What are the responsibilities and job description for the Site Reliability Engineer position at Prama?
Job Title: Site Reliability Engineer (SRE) - Kubernetes and Systems Automation Specialist
Location: Remote
Job Type: Contract
Position Overview:
We are seeking a highly skilled and motivated Site Reliability Engineer (SRE) with a specialization in Kubernetes and Systems Automation. In this role, you will be responsible for ensuring the reliability, scalability, and performance of our cloud-based infrastructure.
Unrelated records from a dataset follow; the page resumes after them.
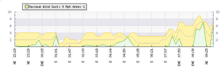 In the last few minutes the wind was East North East at an average speed of 4 mph, reaching up to 7 mph and a low of 0 mph. The gust strength is7 mph above the minimum speed |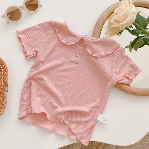 Girls Cute Solid Color T-Shirt Short Sleeve 𝐏eter Pan Collar Ribbed Shirts Causal Blouse Top Summer Clothes 2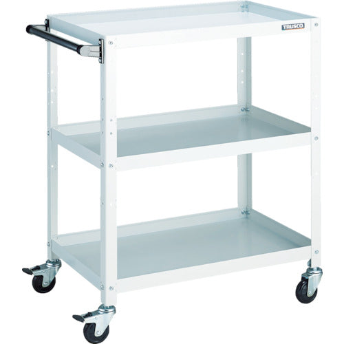 A double lock specification caster which locks the axle with the wheel.Max Load Capacity (kg/piece):150Equal Load Capacity (kg/stage):50Color:WhiteW x D x H (mm):700 x 450 x 880Number of Stages (stage):3Caster: Flexible Type 75mm (2 pieces) Flexible Type (with double stopper) 75mm (2 pieces)Wheel: RubberCaster Bracket: Steel(chrome-plated finishing)

You will work closely with engineering, DevOps, and operations teams to design and implement systems that automate operations, reduce manual intervention, and enhance our platform's overall reliability.
Key Responsibilities:
1. Kubernetes Management:
- Deploy, manage, and maintain Kubernetes clusters in cloud and on-premises environments.
- Optimize Kubernetes configurations, including namespaces, pods, services, and networking.
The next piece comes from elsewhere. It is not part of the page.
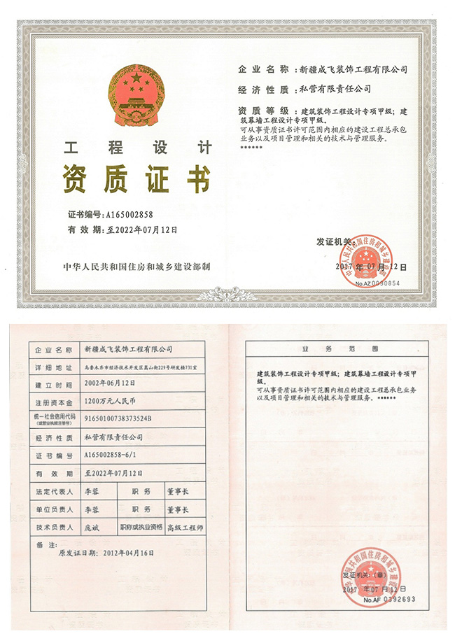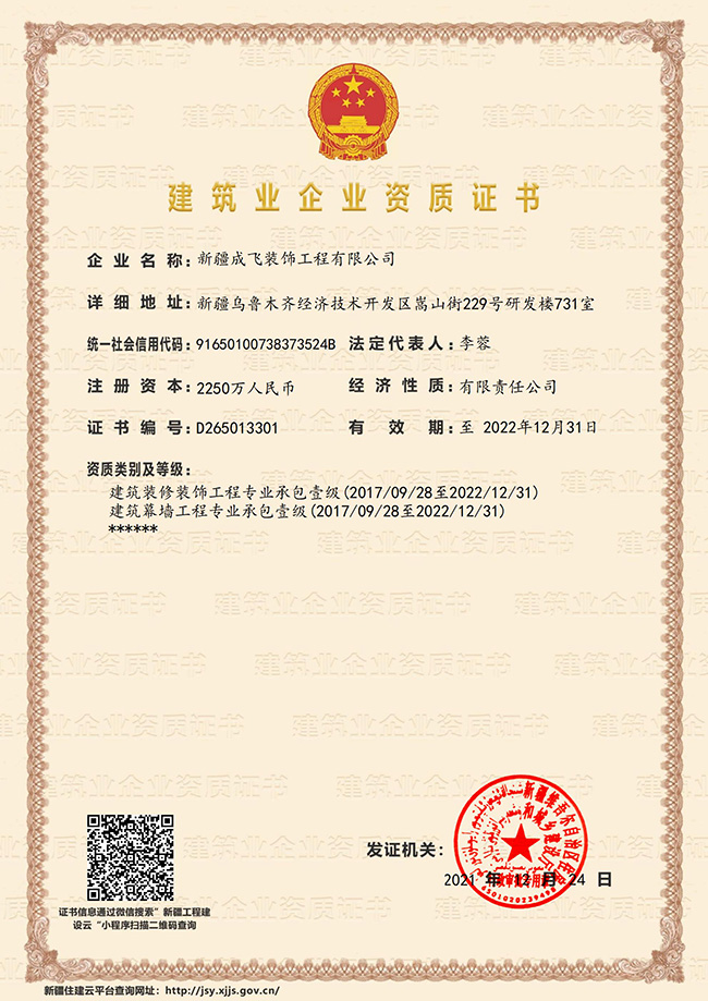 新疆成飛建設(shè)工程有限公司是一家以專注于裝飾工程領(lǐng)域,堅持穩(wěn)健經(jīng)營、持續(xù)創(chuàng)新、開放合作的原則,在星級賓館、高檔寫字樓、大型商場、高級餐館、娛樂設(shè)施、車站、銀行等大型室內(nèi)外建筑工程(包括各類玻璃幕墻、石材幕墻、鋁板幕墻、鋼結(jié)構(gòu)室內(nèi)裝飾等工程)裝飾裝修...查看更多

- Implement robust CI/CD pipelines for containerized applications.
- Monitor and troubleshoot Kubernetes workloads to ensure high availability.
2. Systems Automation:
- Develop and manage Infrastructure as Code (IaC) using tools like Terraform, Ansible, or similar.
- Automate routine tasks, including monitoring, deployments, scaling, and incident responses.
- Write efficient scripts for task automation using Python, Bash, or similar languages.
- Collaborate on the design and implementation of automated disaster recovery and failover strategies.
3. Performance and Reliability:
- Set up monitoring and alerting systems using tools like Prometheus, Grafana, or Datadog.
- Perform root cause analysis for incidents and implement solutions to prevent future occurrences.
- Establish Service Level Objectives (SLOs) and Service Level Indicators (SLIs) to measure and improve system reliability.
4. Collaboration and Culture:
- Partner with development teams to design and implement scalable and fault-tolerant systems.
- Drive a culture of reliability through postmortem analysis and a blameless incident review process.
- Provide guidance and training to teams on Kubernetes best practices and systems automation.
Qualifications:
Technical Expertise:
- Proven experience managing Kubernetes in production environments.
- Strong knowledge of containerization technologies (e.g., Docker).
- Proficiency in Infrastructure as Code (IaC) tools like Terraform, CloudFormation, or Ansible.
- Expertise in programming and scripting languages (e.g., Python, Go, Bash).
Cloud Experience:
- Hands-on experience with major cloud platforms (AWS, GCP, Azure).
- Knowledge of hybrid and multi-cloud setups is a plus.
Systems Engineering:
- Strong understanding of Linux/Unix systems and networking fundamentals.
- Familiarity with logging and monitoring tools like ELK Stack, Prometheus, Grafana, or similar.
Soft Skills:
- Strong problem-solving and analytical skills.
- Excellent communication and teamwork abilities.
- Ability to document technical solutions clearly and effectively.
Preferred Qualifications:
- Certified Kubernetes Administrator (CKA) or similar certifications.
- Experience with service mesh technologies like Istio or Linkerd.
- Familiarity with security best practices in Kubernetes and cloud environments.